Records to process →
_ _ _ _

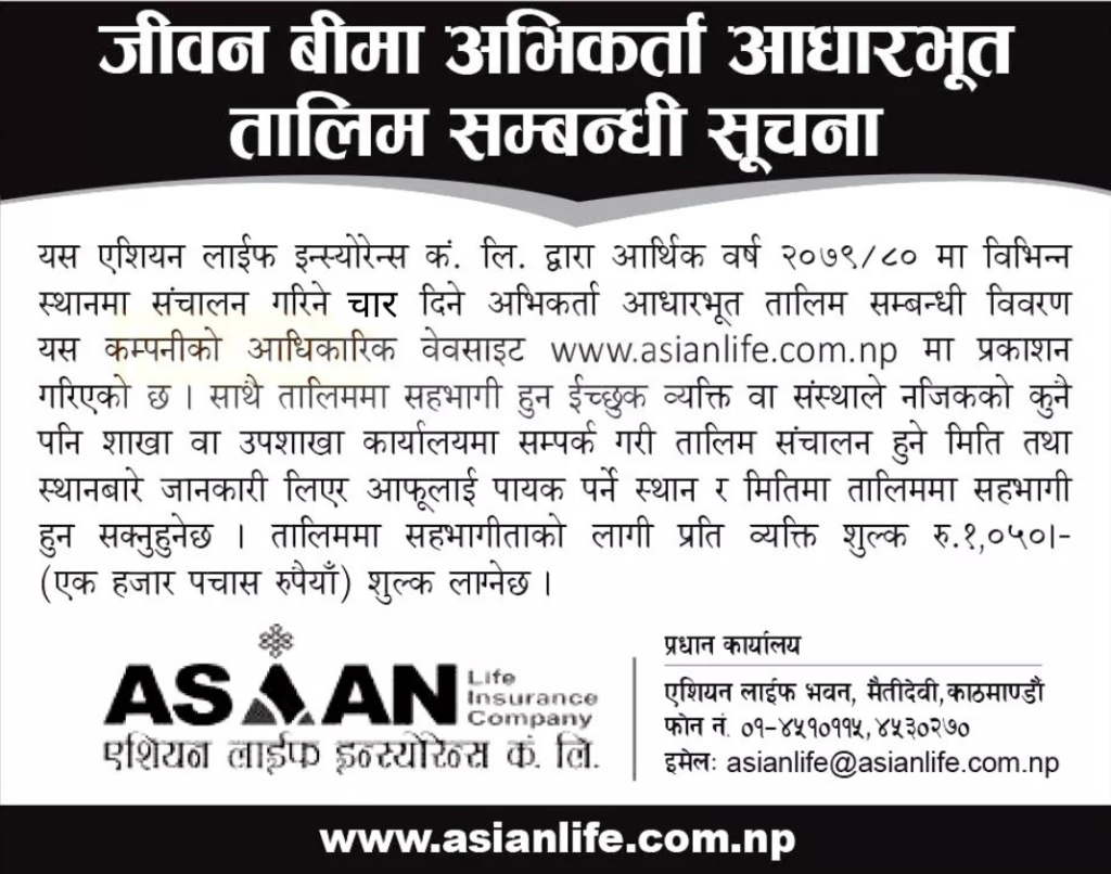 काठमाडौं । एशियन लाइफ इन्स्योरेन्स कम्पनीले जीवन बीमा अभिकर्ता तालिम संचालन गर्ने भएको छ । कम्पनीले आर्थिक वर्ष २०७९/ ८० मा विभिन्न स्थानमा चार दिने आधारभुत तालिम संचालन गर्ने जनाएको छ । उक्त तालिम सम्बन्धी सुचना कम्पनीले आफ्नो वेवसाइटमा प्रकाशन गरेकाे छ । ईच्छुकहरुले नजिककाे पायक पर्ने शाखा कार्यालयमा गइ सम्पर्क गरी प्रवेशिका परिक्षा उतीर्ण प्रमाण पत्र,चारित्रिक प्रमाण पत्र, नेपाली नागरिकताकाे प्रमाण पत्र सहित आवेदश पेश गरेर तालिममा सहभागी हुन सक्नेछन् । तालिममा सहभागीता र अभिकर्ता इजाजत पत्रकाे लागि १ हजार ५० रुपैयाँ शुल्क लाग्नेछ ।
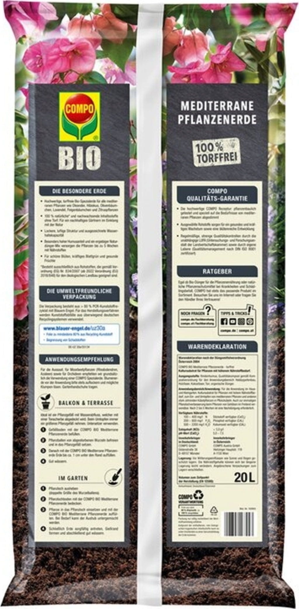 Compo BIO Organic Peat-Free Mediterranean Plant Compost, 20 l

_ _ _ _

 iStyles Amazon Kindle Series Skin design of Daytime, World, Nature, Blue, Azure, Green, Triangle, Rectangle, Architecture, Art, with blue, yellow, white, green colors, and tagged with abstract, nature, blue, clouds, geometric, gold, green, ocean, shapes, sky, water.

_ _ _ _

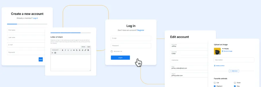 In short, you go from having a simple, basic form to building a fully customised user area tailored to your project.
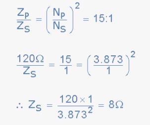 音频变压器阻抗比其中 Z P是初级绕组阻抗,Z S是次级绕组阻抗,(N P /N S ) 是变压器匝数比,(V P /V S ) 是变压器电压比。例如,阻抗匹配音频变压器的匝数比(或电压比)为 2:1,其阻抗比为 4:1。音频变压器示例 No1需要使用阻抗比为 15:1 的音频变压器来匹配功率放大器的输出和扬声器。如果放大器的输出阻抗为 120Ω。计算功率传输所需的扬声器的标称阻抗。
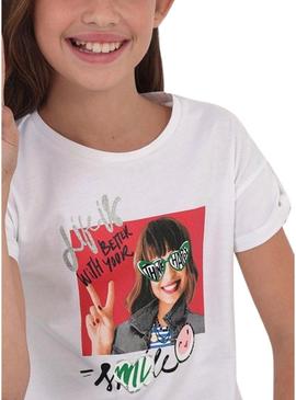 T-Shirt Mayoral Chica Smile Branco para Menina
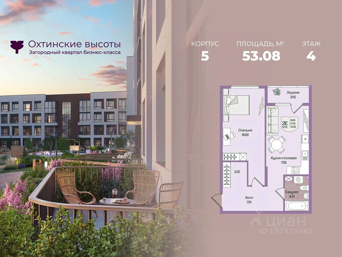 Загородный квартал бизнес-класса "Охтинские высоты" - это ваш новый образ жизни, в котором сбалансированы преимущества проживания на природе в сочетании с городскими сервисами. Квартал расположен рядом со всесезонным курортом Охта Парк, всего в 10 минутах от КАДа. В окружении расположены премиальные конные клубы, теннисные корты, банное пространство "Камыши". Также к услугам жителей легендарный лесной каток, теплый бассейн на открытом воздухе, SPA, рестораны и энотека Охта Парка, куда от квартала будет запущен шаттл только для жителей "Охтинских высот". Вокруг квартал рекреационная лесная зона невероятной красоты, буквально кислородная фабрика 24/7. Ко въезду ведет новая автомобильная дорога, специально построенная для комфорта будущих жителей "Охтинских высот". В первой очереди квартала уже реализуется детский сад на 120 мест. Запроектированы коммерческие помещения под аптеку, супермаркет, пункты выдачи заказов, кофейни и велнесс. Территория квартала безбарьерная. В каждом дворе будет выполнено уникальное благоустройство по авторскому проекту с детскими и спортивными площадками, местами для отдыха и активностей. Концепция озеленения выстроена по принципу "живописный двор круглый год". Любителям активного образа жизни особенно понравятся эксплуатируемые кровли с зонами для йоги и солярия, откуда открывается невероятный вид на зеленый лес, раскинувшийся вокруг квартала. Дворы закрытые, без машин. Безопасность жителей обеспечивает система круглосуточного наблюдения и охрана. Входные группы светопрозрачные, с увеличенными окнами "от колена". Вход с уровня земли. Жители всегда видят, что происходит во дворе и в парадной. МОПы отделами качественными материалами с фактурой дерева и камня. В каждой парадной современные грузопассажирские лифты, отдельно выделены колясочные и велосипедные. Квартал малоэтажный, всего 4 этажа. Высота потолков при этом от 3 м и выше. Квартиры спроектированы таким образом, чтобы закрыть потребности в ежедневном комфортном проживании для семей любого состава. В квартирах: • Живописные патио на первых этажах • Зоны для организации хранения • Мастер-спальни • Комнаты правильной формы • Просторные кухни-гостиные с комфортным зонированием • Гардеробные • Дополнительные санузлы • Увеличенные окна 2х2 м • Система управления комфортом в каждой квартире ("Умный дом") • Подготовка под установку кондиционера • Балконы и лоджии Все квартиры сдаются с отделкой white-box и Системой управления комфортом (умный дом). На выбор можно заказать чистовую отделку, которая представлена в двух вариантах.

_ _ _ _

Task → Reproduce the entries exactly, from the line with "In short, you" to the line with "T-Shirt Mayoral Chica", both lines included, keeping no pictures.

Solution for this exercise →
 In short, you go from having a simple, basic form to building a fully customised user area tailored to your project.
 音频变压器阻抗比其中 Z P是初级绕组阻抗,Z S是次级绕组阻抗,(N P /N S ) 是变压器匝数比,(V P /V S ) 是变压器电压比。例如,阻抗匹配音频变压器的匝数比(或电压比)为 2:1,其阻抗比为 4:1。音频变压器示例 No1需要使用阻抗比为 15:1 的音频变压器来匹配功率放大器的输出和扬声器。如果放大器的输出阻抗为 120Ω。计算功率传输所需的扬声器的标称阻抗。
 T-Shirt Mayoral Chica Smile Branco para Menina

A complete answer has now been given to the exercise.